While hybrid working offers many recognised benefits, it has also given rise to significant ongoing challenges for businesses.
One of those, which we discussed at our Hybrid Working Confidential breakfast session earlier this week, is the enhanced risk of employee fraud and data security breaches as a result of a large number of staff working from home, pursuant to their employer’s hybrid working policy.
In this article we discuss employee fraud warning signs and suggest steps that employers can take to combat the risk and minimise the potential damage.
The majority of employees are trustworthy and loyal, and workplace fraud is rare, which means that the risk of employee fraud may not be front of mind for many employers.
However, the illegal actions of just one employee can cause considerable damage to an organisation, both reputationally and financially – take the example of an employee who diverts payments intended for suppliers into a personal bank account. Not only has the business lost those funds, the employee has exposed inadequate security systems within the company, and potentially damaged ongoing commercial supply relationships.

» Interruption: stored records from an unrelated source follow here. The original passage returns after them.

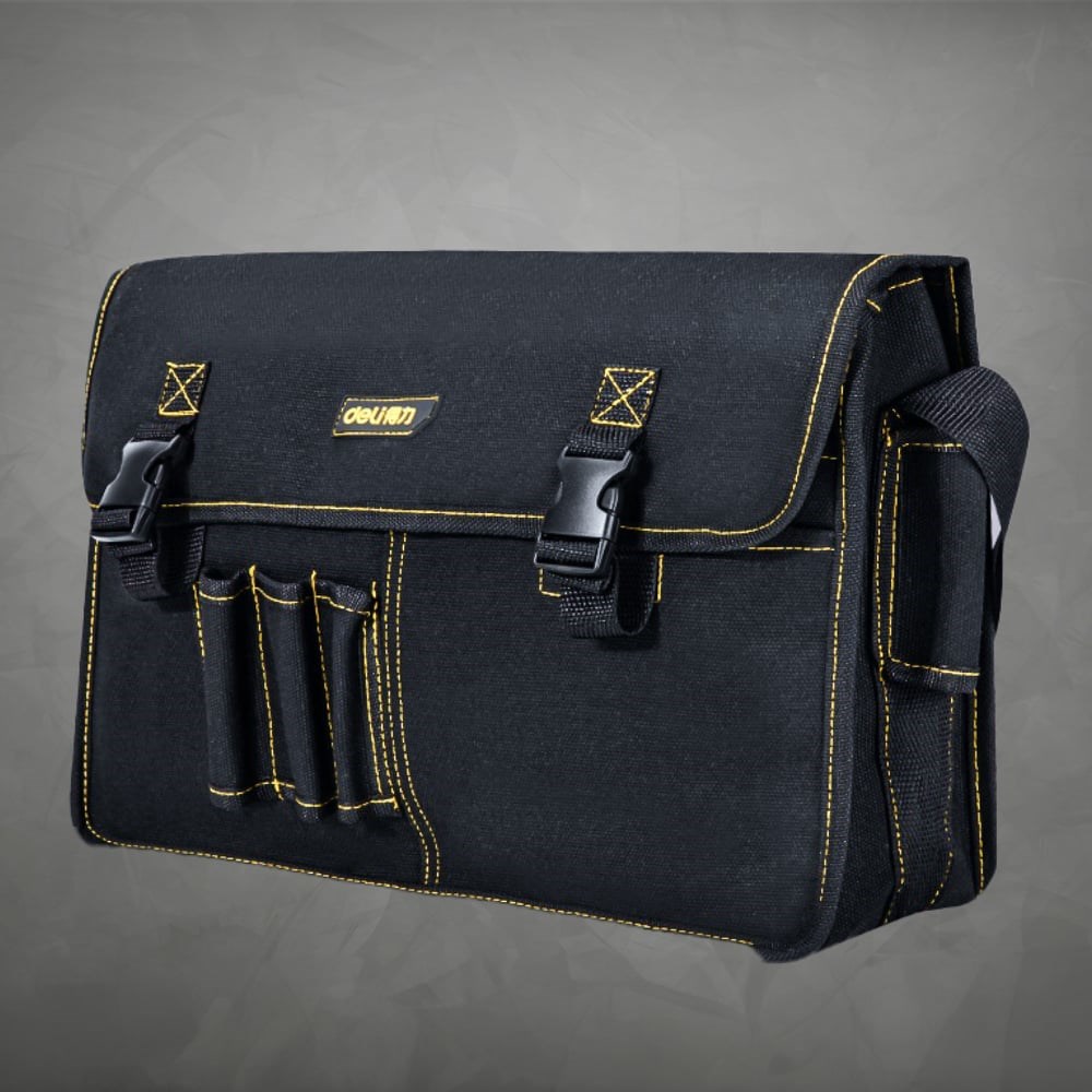 Сумка-планшет для инструментов Deli DL-P7 изготовлена из прочной ткани канвас, обладающей высокой износостойкостью и долговечностью. Канвас - полунатуральный материал, внешне напоминающий холст. Представляет собой доработанную версию парусины. Он почти не пропускает воду, легко стирается от пятен, мягкий на ощупь и долго сохраняет первозданный вид. Сумка оснащена основным объемным отделением, которое позволяет удобно разместить различные инструменты и принадлежности, закрывающееся защёлками фастекс, предотвращающие выпадение инструментов при движении или транспортировке сумки. Так же внутри сумки находится большой внутренний карман, предназначенный для хранения более мелких предметов или документов. На боковых сторонах сумки расположены два узких кармана, предназначенные для хранения узких инструментов, таких как отвертки, ручки ножей и прочих мелких предметов. Это удобно, так как позволяет сохранить порядок внутри сумки и легко найти нужный инструмент при работе. На лицевой стороне сумки находятся три петли, которые предоставляют возможность закрепить дополнительное оборудование, такое как ручки, отвертки или зажимы. Это позволяет иметь эти инструменты всегда под рукой и упорядочить рабочую зону. Один большой карман во всю ширину сумки и дополнительный карман на липучке. Для комфортной переноски сумки предусмотрен регулируемый плечевой ремень. Отлично подойдёт для электриков, сантехников, плотников, столяров, замерщиков и других.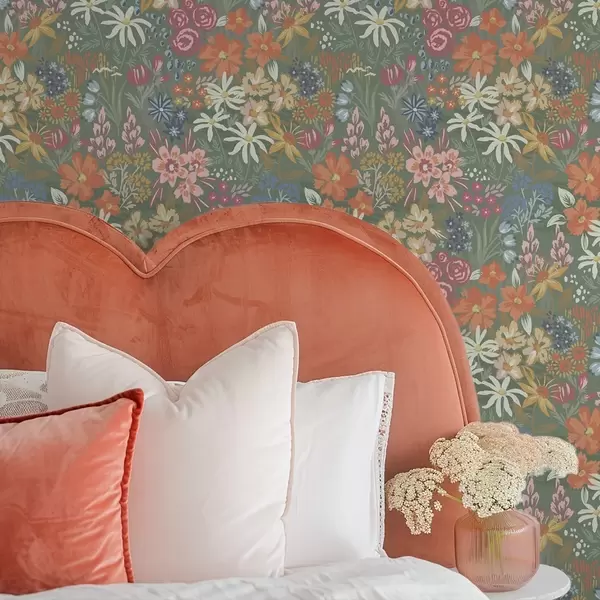 Шпалери Мальовничі лугові квіти на салатовому тлі Nr. a00864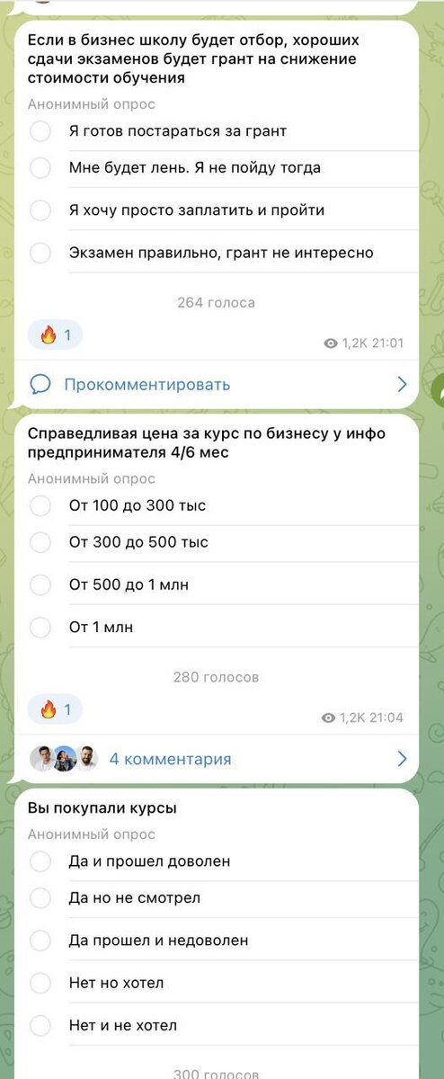 ? Наверняка вы видели это в каналах. Когда автор хочет как-то опросить аудиторию, он начинает выкладывать несколько отдельных опросов подряд от самого Telegram. Один вопрос. Потом второй. Потом третий. В итоге лента превращается в цепочку опросов. С точки зрения автора это вроде бы удобно — можно задать несколько вопросов. Но на практике появляются две проблемы: — людям просто лень проходить всё до конца — результаты потом сложно нормально собрать и превратить в какую-то полезную аналитику А значит и использовать эти ответы дальше в маркетинге или продажах тоже почти невозможно. 🔹 Поэтому я сделал сервис Quizgram Quizgram позволяет превратить обычные телеграм-опросы в полноценный квиз. Человек проходит один сценарий вопросов, последовательно отвечая на них, как в мини-тесте. А в конце вы можете: • собрать контакты • сегментировать аудиторию • выдать лид-магнит • предложить бонус или подарок То есть появляется мотивация дойти до конца, а вы получаете намного более полезные
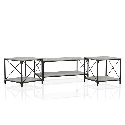 Gray wash/black medium rectangle glass coffee table with open shelf. Quick shop add to wish list add to compare. 99 list list price $299.99 $ 299. 4.7 out of 5 stars with 17 ratings. King's brand 3 piece wood x style casual coffee table & 2 end tables occasional set, cherry finish.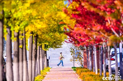 2023年10月17日,沈陽農(nóng)業(yè)大學迎來最佳觀賞季,金黃的銀杏、火紅的楓樹,吸引人們前來打卡拍照。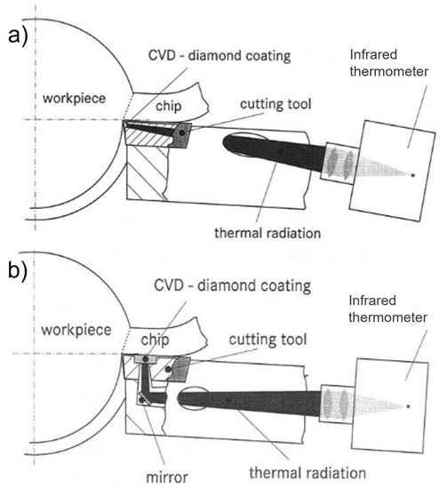 - Müller-Hummel, P.; Lahres, M. Infrared temperature measurement on diamond-coated tools during machining. Diam. Relat. Mater. 1994, 3, 765–769. [Google Scholar] [CrossRef]

Some employee fraud may be less blatant than the example mentioned above, however. Those with solid knowledge of their employer’s systems and controls may be able to manipulate performance results, for example. Enhanced results may, in turn, lead to higher personal bonuses, or ensure that there is a bonus pool in the first place (if business results would otherwise fall short of the bonus threshold).
The popularity of hybrid working, viewed against the background of the current economic downturn, has created enhanced opportunities for a minority of employees intent on dishonest conduct.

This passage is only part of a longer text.